## DATASET EXTRACT:
● ● ● ●

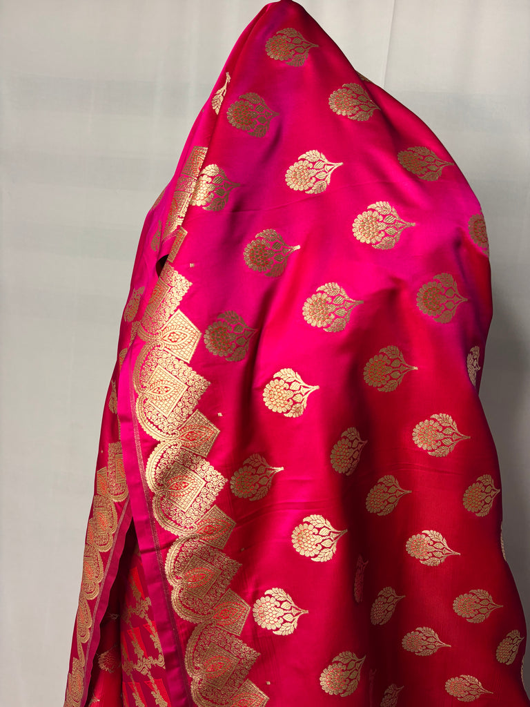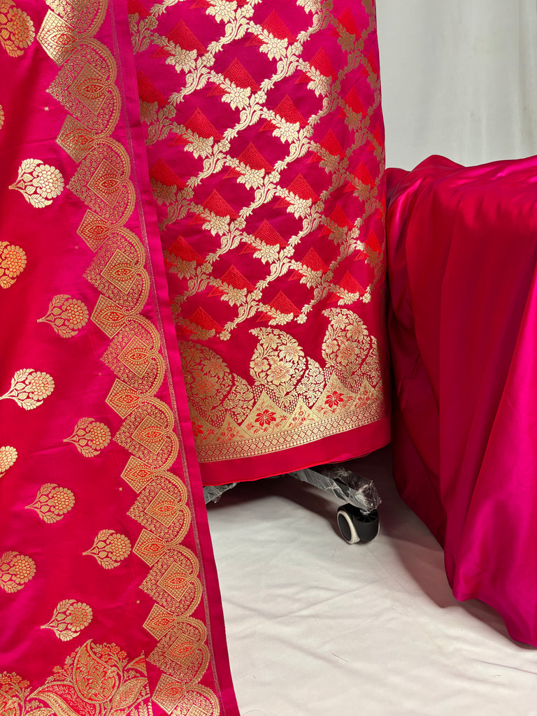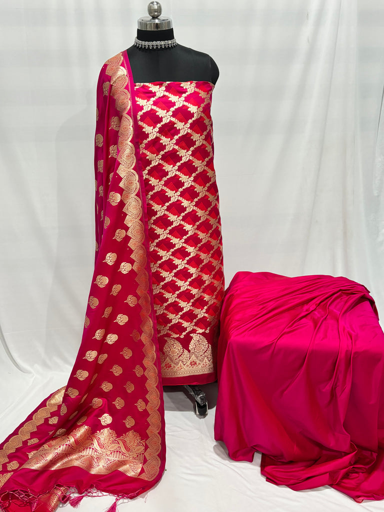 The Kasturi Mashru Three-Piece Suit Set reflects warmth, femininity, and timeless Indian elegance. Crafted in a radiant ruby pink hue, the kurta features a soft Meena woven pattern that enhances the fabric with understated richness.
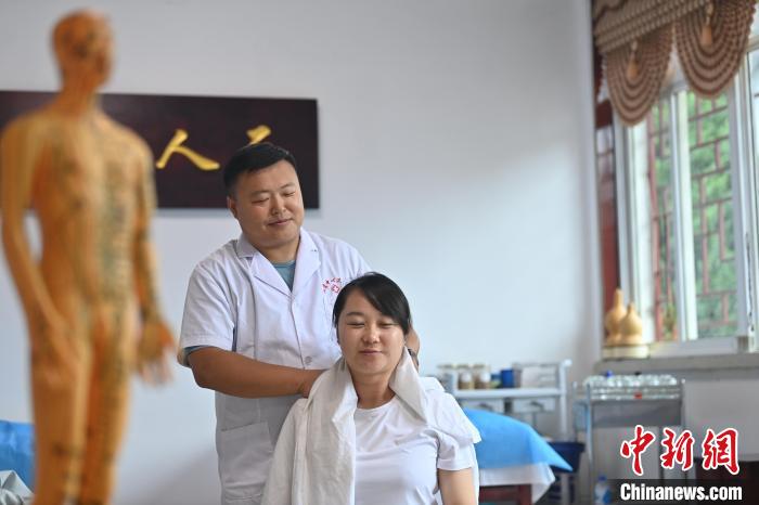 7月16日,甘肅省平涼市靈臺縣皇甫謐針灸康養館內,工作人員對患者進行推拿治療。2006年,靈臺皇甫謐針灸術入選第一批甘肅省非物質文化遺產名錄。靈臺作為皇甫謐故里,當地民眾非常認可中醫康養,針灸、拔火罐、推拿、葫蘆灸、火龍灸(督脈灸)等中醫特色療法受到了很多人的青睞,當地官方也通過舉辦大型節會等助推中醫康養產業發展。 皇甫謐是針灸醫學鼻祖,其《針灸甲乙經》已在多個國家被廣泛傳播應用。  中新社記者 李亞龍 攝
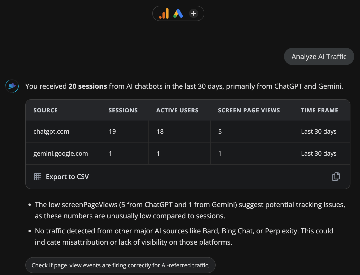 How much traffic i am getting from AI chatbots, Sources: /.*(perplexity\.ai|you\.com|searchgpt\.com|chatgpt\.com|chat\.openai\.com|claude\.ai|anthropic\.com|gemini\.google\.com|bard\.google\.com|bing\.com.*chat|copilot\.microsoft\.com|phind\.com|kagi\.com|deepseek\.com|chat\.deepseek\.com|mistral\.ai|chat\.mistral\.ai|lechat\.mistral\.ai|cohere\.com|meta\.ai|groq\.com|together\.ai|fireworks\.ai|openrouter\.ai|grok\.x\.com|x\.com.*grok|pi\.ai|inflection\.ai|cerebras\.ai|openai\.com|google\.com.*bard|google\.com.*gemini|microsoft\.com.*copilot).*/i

● ● ● ●

## YOUR ASSIGNMENT:
Would you give the material back exactly, minus the pictures?

## ANSWER TO THE EXERCISE:
 The Kasturi Mashru Three-Piece Suit Set reflects warmth, femininity, and timeless Indian elegance. Crafted in a radiant ruby pink hue, the kurta features a soft Meena woven pattern that enhances the fabric with understated richness.
 7月16日,甘肅省平涼市靈臺縣皇甫謐針灸康養館內,工作人員對患者進行推拿治療。2006年,靈臺皇甫謐針灸術入選第一批甘肅省非物質文化遺產名錄。靈臺作為皇甫謐故里,當地民眾非常認可中醫康養,針灸、拔火罐、推拿、葫蘆灸、火龍灸(督脈灸)等中醫特色療法受到了很多人的青睞,當地官方也通過舉辦大型節會等助推中醫康養產業發展。 皇甫謐是針灸醫學鼻祖,其《針灸甲乙經》已在多個國家被廣泛傳播應用。  中新社記者 李亞龍 攝
 How much traffic i am getting from AI chatbots, Sources: /.*(perplexity\.ai|you\.com|searchgpt\.com|chatgpt\.com|chat\.openai\.com|claude\.ai|anthropic\.com|gemini\.google\.com|bard\.google\.com|bing\.com.*chat|copilot\.microsoft\.com|phind\.com|kagi\.com|deepseek\.com|chat\.deepseek\.com|mistral\.ai|chat\.mistral\.ai|lechat\.mistral\.ai|cohere\.com|meta\.ai|groq\.com|together\.ai|fireworks\.ai|openrouter\.ai|grok\.x\.com|x\.com.*grok|pi\.ai|inflection\.ai|cerebras\.ai|openai\.com|google\.com.*bard|google\.com.*gemini|microsoft\.com.*copilot).*/i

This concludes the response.